I headed a team of four – Amy Williams, Ruth Craven, Anastacia Regan and Steven Duckworth – who juggled the digital project with their job as library trainees. When I took maternity leave at the end of August, Caroline White took over the project, overseeing our new trainee team.

QA testing
The aim of testing was to ensure the archive would operate under all possible search conditions, so that it could be: browsed by issue; searched by non-computer-savvy readers looking for specific articles but with few of the details to hand; and used as a teaching tool in primary and secondary classrooms and by trained researchers in academic libraries seeking coverage of a specific topic across the years.

The issues were split into four roughly equal periods, and each trainee took responsibility for testing a section. They formulated 50 search scenarios, from vague queries of the ‘I remember reading an article some time in the 1960s about fish’ kind, to specific article searches where all details (date, headline, byline) were known. Additionally, the trainees compiled a list of 50 keywords to test, from the general ‘cheese’ to the more precise ‘Virginia Woolf’ and ‘draft-dodgers’. They also browsed issues at random.

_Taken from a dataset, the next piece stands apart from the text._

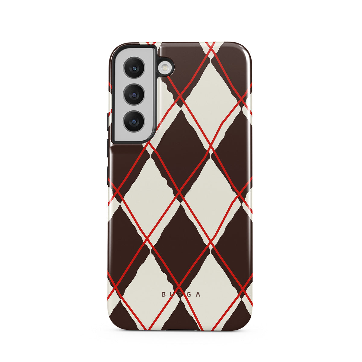 Kenmerken van dit design: ruitpatroon, bruin en crème, klassiek patroon, geometrisch patroon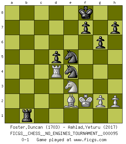 Last move : 0-1 2018 July 23 21:9:16 [Event "FICGS__CHESS__NO_ENGINES_TOURNAMENT__000095"] [Site "FICGS"] [Date "2017.12.19"] [Round "1"] [White "Foster,Duncan"] [Black "Aahlad,Yeturu"] [Result "0-1"] [WhiteElo "1703"] [BlackElo "2017"] 1.e4 c5 2.a3 Nc6 3.b4 cxb4 4.axb4 Nxb4 5.d4 e6 6.c3 Nc6 7.d5 exd5 8.exd5 Ne5 9.f4 Ng6 10.Qe2+ Qe7 11.Na3 Qxe2+ 12.Bxe2 a6 13.Nc4 Bc5 14.Ba3 Bxa3 15.Rxa3 Nxf4 16.Bf3 b5 17.Nd6+ Ke7 18.Nxc8+ Rxc8 19.Kd2 Nf6 20.Ne2 N4xd5 21.Rxa6 Rc5 22.Nd4 Rb8 23.Rc1 b4 24.cxb4 Rxc1 25.Kxc1 Nxb4 26.Nf5+ Kf8 27.Ra4 g6 28.Ne3 Nd3+ 29.Kd2 Ne5 30.Be2 Rb2+ 31.Ke1 d5 32.Rd4 Rb1+ 33.Kf2 Ne4+ 0-1 Sicilian defense Player Black won this chess game. Follow this game move after move (download)We must make sure that Chess will not be like a dead language, very interesting, but for a very small group. (Sytze Faber) Vielleicht wirkt die Aura früherer Spieler glanzvoller als die der heutigen Spieler, aber das liegt daran, dass man kein Programm wie Fritz hatte, das einem all die Löcher in ihren Partien zeigt. (Vladimir Kramnik) Debió haber existido una vez en que los hombres eran semidióses, de otra manera no hubiesen podido inventar el Ajedrez. (Gustav Schenk) On peut tirer plus d'utilité d'une partie perdue que de 100 parties gagnées. (Capablanca) Without deviation from the norm, progress is not possible. (Frank Zappa)

With 900,000 pages contained in the first phase (initially intended to cover both papers, 1925-75), it was impossible to test a high proportion within the time allotted. It was decided that a survey of five per cent would suffice; this was later reduced to one per cent as deadlines loomed. This equated to five issues per year to be checked for errors in three fields: readability, searchability and segmentation.

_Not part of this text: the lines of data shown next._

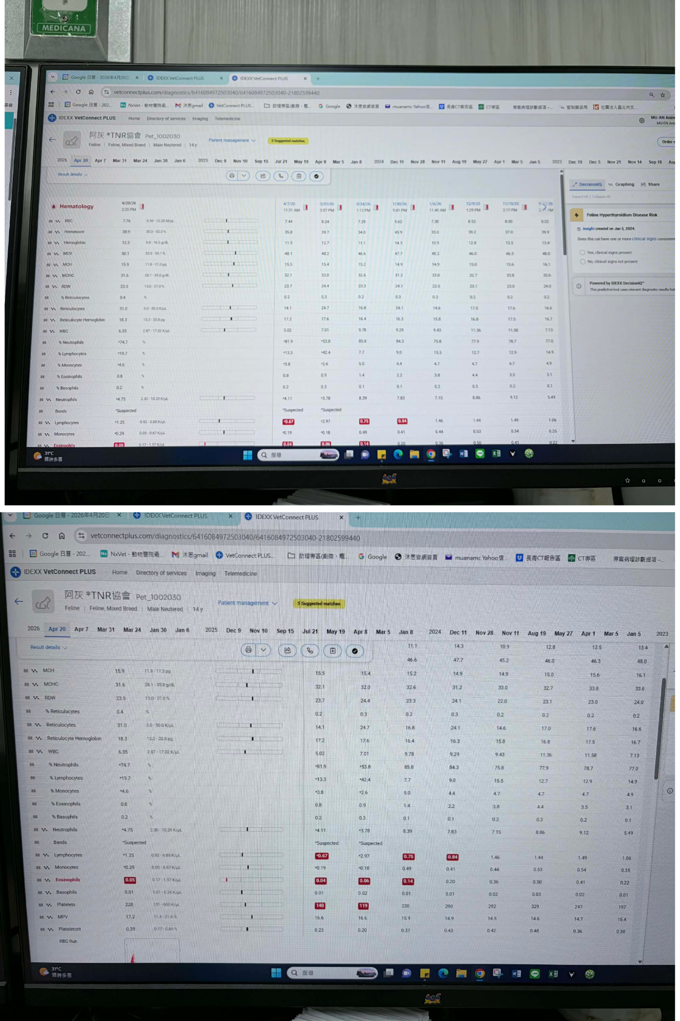 2026年1月6日於沐恩回診,血檢部分免疫球蛋白偏高其他指數則在正常範圍內。此次口腔發炎部分有明顯消腫可於兩個月後再回診查看,但若流口水有便嚴重的話則需提前回診。原先吃的止癢藥因皮膚狀況也變好可先減量。後因阿灰一直嘔吐及流口水撥嘴巴動作提早於1月27日回診看診,林醫師建議先一個月一次高劑量干擾素施打,直到1月30日依然連續嘔吐不止因此住院觀察,直到31日監測結果無大礙於31日出院。醫師表示食物方面可任食,但種類盡量單純,會吃就先不變換食物。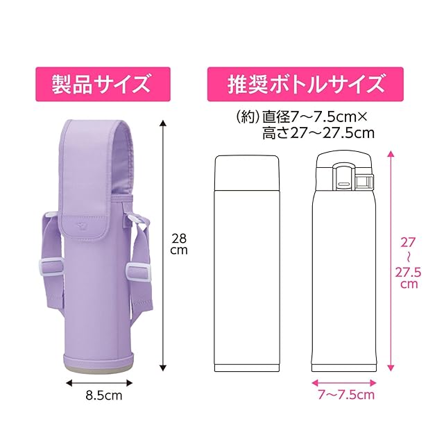 象印マホービン 水筒カバー 720ml用 肩掛け 洗濯機洗いOK 名前が書けるネームタグつき ステンレスボトルカバー パープル MC-CA04-VA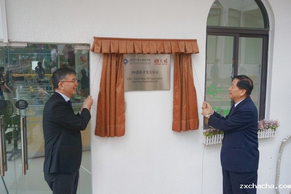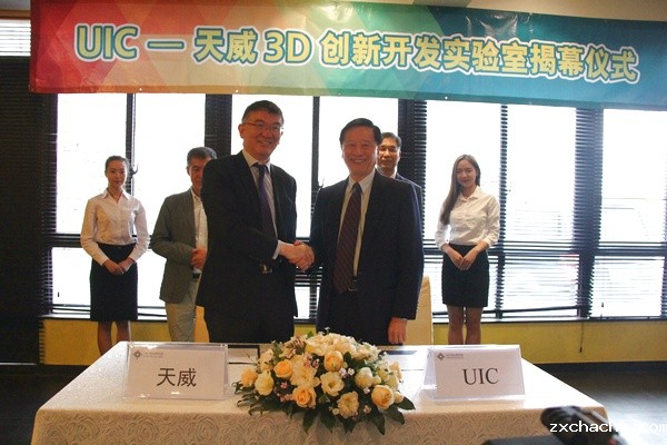 3D创新开发实验室位于文化小镇四栋一楼。天威捐赠了十台不同型号的3D打印机及3D样品,供UIC开展教学、科研和开发等使用。当天,天威控股有限公司董事贺良梅与吴清辉校长签署了捐赠协议书,并共同为实验室揭牌。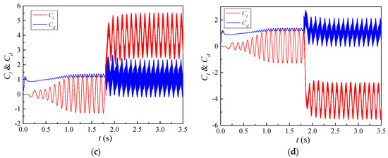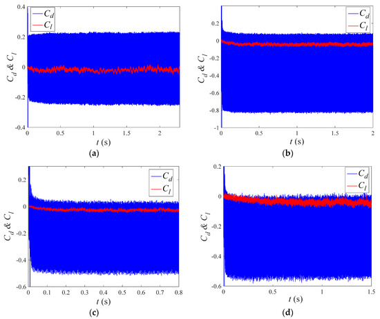 Lift and drag coefficient time history curves under various propagation directions. (a) Downstream. (b) Upstream. (c) Corotating-Clockwise. (d) Corotating-Counterclockwise.
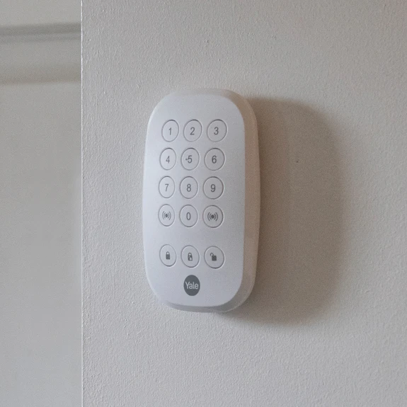 Klávesnica Yale Sync ponúka úplné ovládanie alarmu aj bez aplikácie. Môže byť integrovaný do existujúceho poplachového systému Yale Sync a umožňuje zapnutie a vypnutie alarmu nezávisle od aplikácie. Okrem toho je možné prostredníctvom klávesnice spustiť núdzový alarm, ktorý sa dá opäť deaktivovať len pomocou používateľského PIN kódu.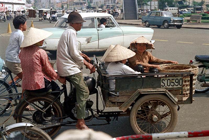 Xe thổ mộ trên đường phố Sài Gòn năm 1965 – Đây là loại phương tiện đi lại phổ biến ở vùng Sài Gòn-Gia Định của Việt Nam vào những năm 50 của thế kỷ XIX.
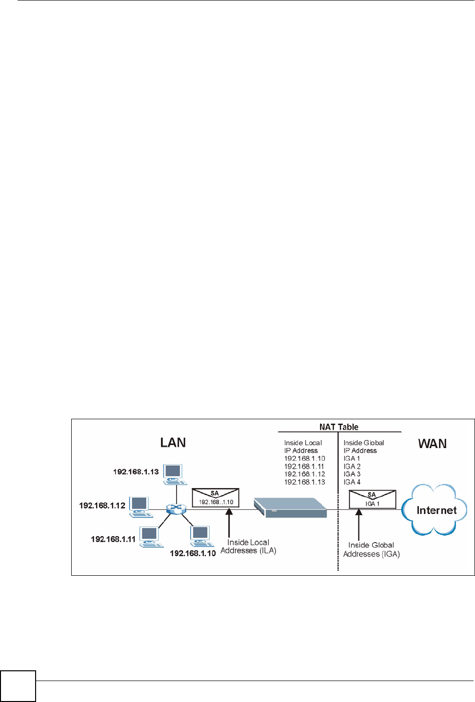 and then forwards it to the Internet. The P-660HWP-Dx keeps track of the original addresses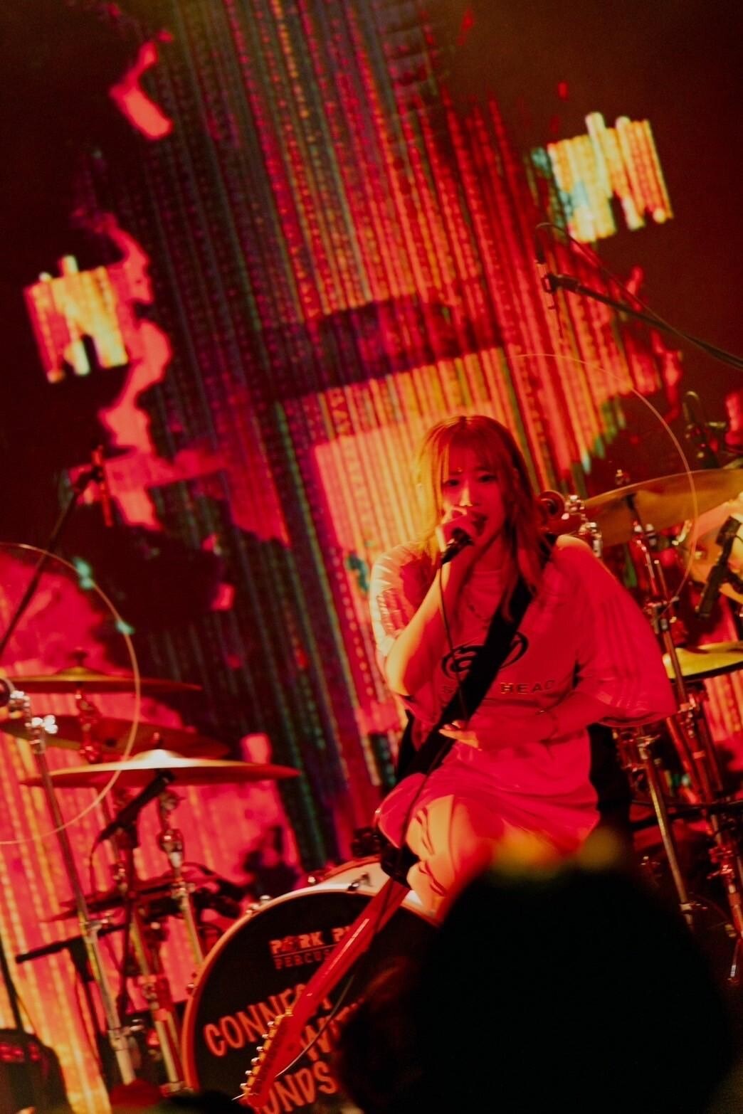 笑顔満面の岩淵紗貴がマイクをつかみ、気合満点の激しいバンドサウンドに乗って叫ぶ。挨拶代わりのオープニングセッションから1曲目「もっと」へ、メタルバンドか?と思うほどの音圧がいきなり凄い。背後の全面スクリーンに映る生ライブ映像の迫力が凄い。岩淵がギターを構えて「ヤダヤダ」「やなこった」へ、豪快ダンスロックと直球パンクソングを畳みかけてぶっとばす。マシーンか?と思うほどの高速ツービートで高島一航のドラムが突っ走る。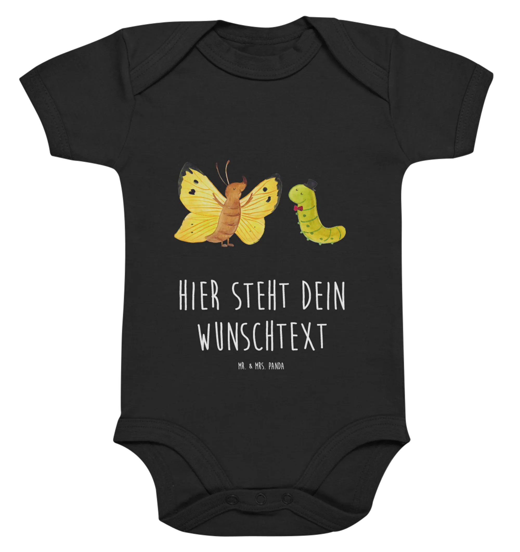 Wähle den personalisierten Babybody Raupe & Schmetterling von Mr. & Mrs. Panda – ein Stück, das für all die besonderen Momente im Leben deines kleinen Wunders steht!

Each query was run through the archive’s advanced search page, which allows searches by publication, date, article type (article, advert or image) and keyword. First we tested for readability. If the text or image of the selected article(s) was understandable, it passed. Only six search queries failed – easily surpassing our target of 80 per cent accuracy – all because of the poor quality of the print before it was scanned.

Next we checked for searchability. If the relevant article was returned for specific searches (Thomas Edison’s obituary, for example), or if eight of the first 10 results were relevant if the search was more vague (references to Churchill in the 1950s), it passed. Twenty-two of 408 searches failed, meeting the 80 per cent target. The problem was specific to older issues, and is the result of the poor quality of the papers when they were originally microfilmed and the smaller size of print used in the earlier years. Some examples look like other words and others are unreadable, so the software has had to guess which word to index. Amy, for example, searched the 1920s and 1930s for ‘briefcase’; the archive highlighted words as diverse as ‘brick’, ‘picking’ and ‘Brisbane’, but only two briefcases. Unfortunately there is nothing that can be done about this; it is simply the reality of archiving old newsprint.

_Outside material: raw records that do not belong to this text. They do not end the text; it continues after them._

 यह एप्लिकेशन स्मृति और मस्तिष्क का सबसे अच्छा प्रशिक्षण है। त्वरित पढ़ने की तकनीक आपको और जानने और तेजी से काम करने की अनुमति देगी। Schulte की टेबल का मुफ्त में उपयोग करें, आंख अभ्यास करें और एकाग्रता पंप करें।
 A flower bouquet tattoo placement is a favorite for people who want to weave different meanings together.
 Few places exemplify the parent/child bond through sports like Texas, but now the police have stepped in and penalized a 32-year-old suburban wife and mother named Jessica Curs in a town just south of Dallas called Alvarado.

Finally, the segmentation was checked. If a paragraph was missing or a section from a second article was attached, the item failed. This was the main problem that surfaced during testing. Olive’s software identifies solid black lines between articles and uses these to segment them. Unfortunately, some of the lines weren’t visible on the microfilm, particularly in the older issues. The software also fell down when it came across unusual page layouts, such as quotes embedded in article text and long subheadings, which became separated from the articles they applied to. Fortunately Olive also supplied a software tool to amend and maintain the archive, so the errors have been corrected manually by the library staff − a continuing task as further errors surface.

Libel issues
The second phase of the library’s task was to track down articles involved in libel cases, particularly where the claimant had been successful. Numerous articles in which details have proved untrue or defamatory have later been rescinded. In some cases, a printed apology was enough to pacify the injured party; in others, substantial damages were paid. The law surrounding digital versions of print is murky but, according to precedent, creating a digital archive is the same as republishing the original material. So it would be illegal to include in the archive any articles which the paper had agreed in court not to print again.

The Guardian and the Observer have been involved in some of the most high-profile libel cases of the last century. One of the most notorious was the suit brought by Jonathan Aitken, former Minister of State for Defence Procurement, in 1995, after the Guardian published allegations concerning his involvement with a Saudi arms dealer. The Guardian was exonerated and Aitken was convicted of perjury, so the original articles remain in the archive.

Some cases involved ordinary members of the public who felt they had been defamed. A personal favourite is an article from April 1950 reporting the death of former fascist leader General Attilio Teruzzi, which stated he had died on the penal island of Procida in Italy, where his wife ran a hotel; he was photographed with his partner and their 16-year-old daughter. A letter from a Mrs Lilliana Teruzzi followed, complaining that in fact she had never been to Procida, she had emigrated to America some years ago, and certainly was not involved in the hotel business. Through lawyers’ letters it transpired that General Teruzzi had divorced his wife, though she did not recognise it, and had since remarried. The final correction stated: ‘We are satisfied that Mme Teruzzi has never been on the island of Procida...and has never opened or had any interest in any hotel there.’ No mention was made of the mistress or illegitimate daughter.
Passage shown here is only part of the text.